2. Fendlera Engelmann & A. Gray, Smithsonian Contr. Knowl. 3(5): 77, plate 5. 1852.
Fendler-bush [For August Fendler, 1813–1883, German-born plant collector in North and South America, early botanical explorer of southwestern United States] Fendler-bush [For August Fendler, 1813–1883, German-born plant collector in North and South America, early botanical explorer of southwestern United States]
Ronald L. McGregor†
Shrubs. Stems ascending or spreading. Bark exfoliating in grayish or reddish strings or strips, or sometimes not exfoliating. Branches erect or arching; twigs with simple and minutely branched trichomes. Leaves deciduous, opposite, sometimes clustered on short shoots; petiole present, relatively short; blade linear, elliptic, lanceolate, oblong, ovate, or falcate, herbaceous or coriaceous, margins entire, plane or strongly revolute; venation acrodromous, lateral veins sometimes obscure. Inflorescences terminal, flowers solitary; peduncle absent. Pedicels present. Flowers bisexual; perianth and androecium nearly hypogynous; hypanthium completely adnate to ovary, turbinate, broadly campanulate, or hemispheric, weakly or strongly 4- or 8-ribbed in fruit; sepals persistent, 4, eventually erect or strongly recurved, usually triangular, sometimes ovate, glabrous or hairy; petals 4, imbricate, spreading, white, sometimes tinged pink or red, broadly spatulate, base clawed, surfaces finely pubescent; stamens 8; filaments distinct, dorsiventrally flattened, gradually tapered toward apex, apex 2-lobed, lobes prolonged beyond anthers; anthers oblong; pistil 4(–5)-carpellate, ovary to 1/2 inferior, 4(–5)-locular; placentation axile; styles persistent, 4(–5), distinct. Capsules ovoid-ellipsoid, ± cartilaginous, dehiscence basipetally septicidal to middle of fruit. Seeds (1–)2–4(–6) per locule, reddish brown, ellipsoid. x = 11.

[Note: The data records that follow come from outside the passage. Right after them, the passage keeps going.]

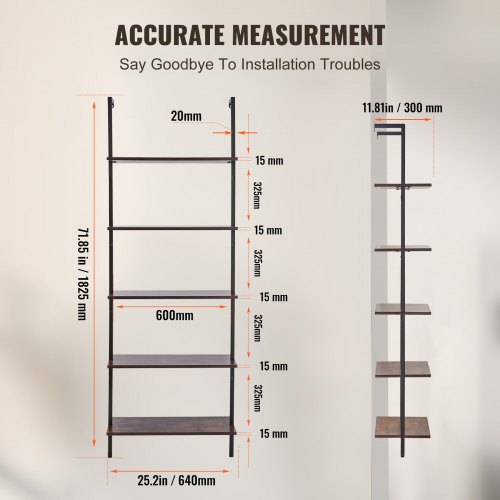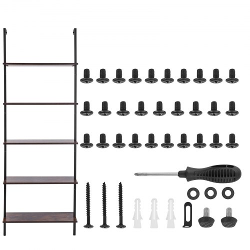 VEVOR Industrial Square Pipe Shelf 5 Tier 24x11.8in Wall-Mount for BedroomRustproof and durableEasy to clean and maintainMulti-functional ToolEasy InstallationSuitable for many wall surfacesEasy to assembleInside width: 600mm,Number of layers: 5,Color: Plank: vintage Square tube: black,Plank(mm): 640±5 x 300±5 x 15±2,Specification: 25.2 x 11.8 x 71.9in (640 x 300 x 1825mm,),Foot: Including adjustable feet,Square tube specification: 20±1 x 20±1 x 0.7±0.1mm,Layer height: 320mm,Item Model Number: C240258S-01,Load capacity per layer: 50lbs / 23kg,Item Dimensions: 25.2 x 11.81 x 71.85 in / 640 x 300 x 1825 mm,Main material: board: 15mm P2 grade particle board, square tube: Q195,Net Weight: 27.56 lbs / 12.5 kg
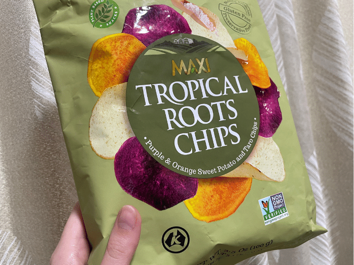 ヘルシーなスイーツを探しに成城石井へ行った際、お目当てのものがなくてがっくし…。そんなときにお菓子コーナーを眺めていて見つけたのが、「MAXIトロピカルルーツチップスクラシックシーソルト」。原材料がじゃがいもではない、次世代のチップスのようです。早速自宅にいるときのおやつとして食べてみました!
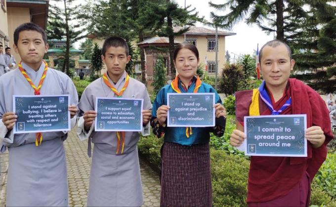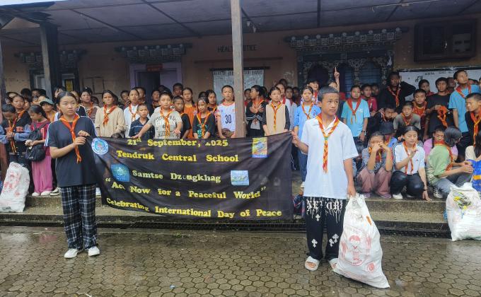 The scouts of Tendruk CS carried out the hike and a cleaning campaign on 21st September 2015 to mark the International Day if Peace . 150 scouts lead the hike
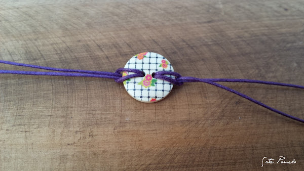 Cortamos un cordón por la mitad, una para cada agujerito del botón. Doblamos el cordón cortado por la mitad y lo introducimos por el agujero, justo por la parte de atrás del botón. Luego introducimos el resto por dentro del bucle (como se muestra en la foto) y tiramos para ajustar. Acabamos de hacer el nudo alondra.
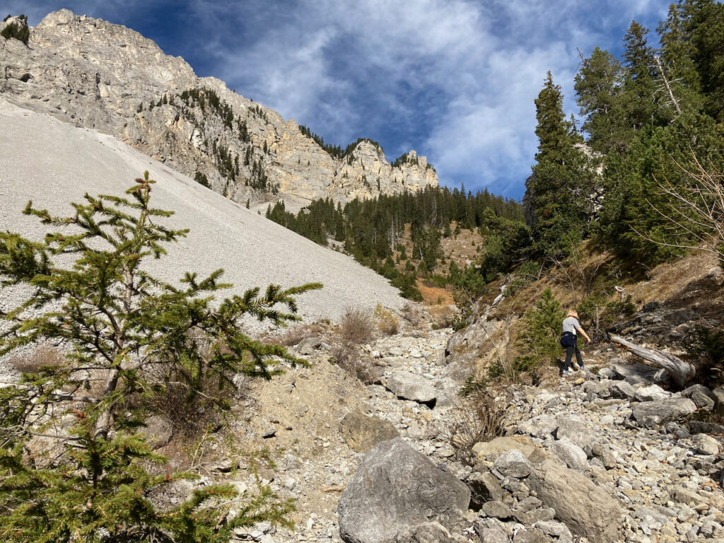 Alter Pfad auf der rechten Seite des Bachbetts, nach ca. 300m komplett abgerutscht, also Vorsicht!

Species 2 (2 in the flora): sw United States, n Mexico.
A. J. Rehder (1920) found that the species of Fendlera show great uniformity in floral characters and may be distinguished easily by their leaves. N. H. Holmgren and P. K. Holmgren (1997) also reported that floral characters are remarkably uniform.
B. L. Turner (2001) recognized five species of Fendlera, including four in the flora. In addition to the species recognized here, B. L. Turner also recognized F. falcata and F. wrightii in our area; as noted later, these are best included within F. rupicola. The fifth species of Turner is F. tamaulipana, a taxon from Tamaulipas, Mexico; this species is here included in F. linearis.

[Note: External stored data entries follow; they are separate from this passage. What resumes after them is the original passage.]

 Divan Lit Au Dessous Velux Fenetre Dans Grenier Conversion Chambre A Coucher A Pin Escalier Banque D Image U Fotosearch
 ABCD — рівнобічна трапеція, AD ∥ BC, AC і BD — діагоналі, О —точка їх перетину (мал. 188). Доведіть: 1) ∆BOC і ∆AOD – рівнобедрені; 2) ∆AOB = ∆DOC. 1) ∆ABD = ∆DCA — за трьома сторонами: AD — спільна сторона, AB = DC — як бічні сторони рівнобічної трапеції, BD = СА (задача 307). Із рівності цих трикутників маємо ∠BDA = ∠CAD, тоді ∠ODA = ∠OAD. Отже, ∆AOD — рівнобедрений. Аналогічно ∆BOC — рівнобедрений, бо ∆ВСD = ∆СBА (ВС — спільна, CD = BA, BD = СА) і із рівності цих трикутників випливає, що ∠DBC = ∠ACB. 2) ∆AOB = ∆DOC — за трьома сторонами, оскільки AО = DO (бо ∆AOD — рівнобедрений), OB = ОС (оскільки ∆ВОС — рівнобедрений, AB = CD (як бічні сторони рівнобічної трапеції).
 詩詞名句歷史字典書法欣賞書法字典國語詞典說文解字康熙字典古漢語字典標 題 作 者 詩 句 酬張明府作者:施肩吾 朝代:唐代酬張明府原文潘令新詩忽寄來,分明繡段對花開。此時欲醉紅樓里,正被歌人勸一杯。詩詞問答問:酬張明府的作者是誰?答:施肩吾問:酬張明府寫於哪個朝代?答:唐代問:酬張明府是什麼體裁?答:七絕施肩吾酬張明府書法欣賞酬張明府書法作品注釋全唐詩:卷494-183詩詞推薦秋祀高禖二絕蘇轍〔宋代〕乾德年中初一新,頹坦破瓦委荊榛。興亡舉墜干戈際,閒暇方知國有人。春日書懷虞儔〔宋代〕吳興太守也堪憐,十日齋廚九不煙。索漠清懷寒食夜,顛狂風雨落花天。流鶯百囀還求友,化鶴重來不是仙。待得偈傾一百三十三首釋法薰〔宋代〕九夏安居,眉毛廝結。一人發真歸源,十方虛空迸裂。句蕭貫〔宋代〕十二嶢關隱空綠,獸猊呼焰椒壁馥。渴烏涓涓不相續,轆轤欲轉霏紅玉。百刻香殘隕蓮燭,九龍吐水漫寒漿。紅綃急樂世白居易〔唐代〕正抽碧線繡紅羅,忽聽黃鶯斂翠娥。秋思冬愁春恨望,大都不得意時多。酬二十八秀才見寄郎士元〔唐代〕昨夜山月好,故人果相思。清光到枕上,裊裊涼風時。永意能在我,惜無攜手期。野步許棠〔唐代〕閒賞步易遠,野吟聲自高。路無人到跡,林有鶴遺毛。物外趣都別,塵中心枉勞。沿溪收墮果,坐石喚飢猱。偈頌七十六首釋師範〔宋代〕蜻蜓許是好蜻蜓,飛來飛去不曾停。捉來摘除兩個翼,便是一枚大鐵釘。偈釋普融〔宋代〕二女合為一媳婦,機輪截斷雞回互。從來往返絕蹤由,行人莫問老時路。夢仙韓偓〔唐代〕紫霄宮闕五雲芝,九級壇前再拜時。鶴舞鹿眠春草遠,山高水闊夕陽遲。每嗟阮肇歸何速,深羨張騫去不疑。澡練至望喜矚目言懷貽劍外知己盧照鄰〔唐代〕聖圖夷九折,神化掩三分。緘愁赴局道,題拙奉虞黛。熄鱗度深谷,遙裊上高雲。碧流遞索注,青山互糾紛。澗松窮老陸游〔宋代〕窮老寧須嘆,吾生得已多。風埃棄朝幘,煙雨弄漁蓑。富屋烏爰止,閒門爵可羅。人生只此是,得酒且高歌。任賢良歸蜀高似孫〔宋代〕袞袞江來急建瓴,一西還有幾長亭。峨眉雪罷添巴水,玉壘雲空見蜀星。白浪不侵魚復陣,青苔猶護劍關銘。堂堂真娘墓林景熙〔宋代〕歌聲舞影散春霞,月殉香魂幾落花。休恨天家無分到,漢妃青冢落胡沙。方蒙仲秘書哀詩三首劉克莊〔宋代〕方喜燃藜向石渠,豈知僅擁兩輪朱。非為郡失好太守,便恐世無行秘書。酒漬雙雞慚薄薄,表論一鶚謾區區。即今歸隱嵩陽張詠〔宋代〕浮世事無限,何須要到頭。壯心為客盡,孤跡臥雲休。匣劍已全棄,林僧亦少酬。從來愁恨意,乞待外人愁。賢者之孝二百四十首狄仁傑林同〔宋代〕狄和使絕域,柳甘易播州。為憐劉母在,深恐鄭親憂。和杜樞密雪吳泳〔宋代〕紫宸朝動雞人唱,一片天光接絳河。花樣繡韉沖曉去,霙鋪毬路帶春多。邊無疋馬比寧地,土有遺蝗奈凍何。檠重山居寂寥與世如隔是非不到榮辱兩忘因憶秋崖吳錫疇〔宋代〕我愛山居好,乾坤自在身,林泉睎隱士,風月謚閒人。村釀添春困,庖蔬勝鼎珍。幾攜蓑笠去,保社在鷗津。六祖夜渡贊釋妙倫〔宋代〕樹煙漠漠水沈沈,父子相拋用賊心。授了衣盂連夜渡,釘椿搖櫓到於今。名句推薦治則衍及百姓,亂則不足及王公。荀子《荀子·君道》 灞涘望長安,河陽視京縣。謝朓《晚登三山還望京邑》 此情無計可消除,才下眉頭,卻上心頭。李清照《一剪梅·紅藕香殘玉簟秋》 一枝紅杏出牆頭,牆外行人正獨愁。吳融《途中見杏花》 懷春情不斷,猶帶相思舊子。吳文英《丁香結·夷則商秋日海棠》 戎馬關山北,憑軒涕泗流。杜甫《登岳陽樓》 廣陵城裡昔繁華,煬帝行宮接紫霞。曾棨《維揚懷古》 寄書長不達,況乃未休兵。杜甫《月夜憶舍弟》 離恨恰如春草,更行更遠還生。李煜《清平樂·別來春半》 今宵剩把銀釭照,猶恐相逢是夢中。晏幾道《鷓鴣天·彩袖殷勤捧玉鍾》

Inflorescences of Fendlera have been described as solitary flowers or as clusters of two, three, or five flowers, racemes, or dichasial cymes. The inflorescence consists of a single flower terminating a leafy branch; these flower-bearing branches are sometimes aggregated. Frequently, the lateral branches are much-reduced and consist of a relatively short axis bearing two relatively small leaves and terminated by a flower. More rarely, the flowers appear nearly sessile in leaf axils, subtended by scales; this phenomenon is most frequent in F. linearis.
As in some species of Philadelphus, the buds on the long shoots of Fendlera are hidden in pouches of tissue at the bases of the petioles.
SELECTED REFERENCE Turner, B. L. 2001. Taxonomic revision of the genus Fendlera (Hydrangeaceae). Lundellia 4: 1–11.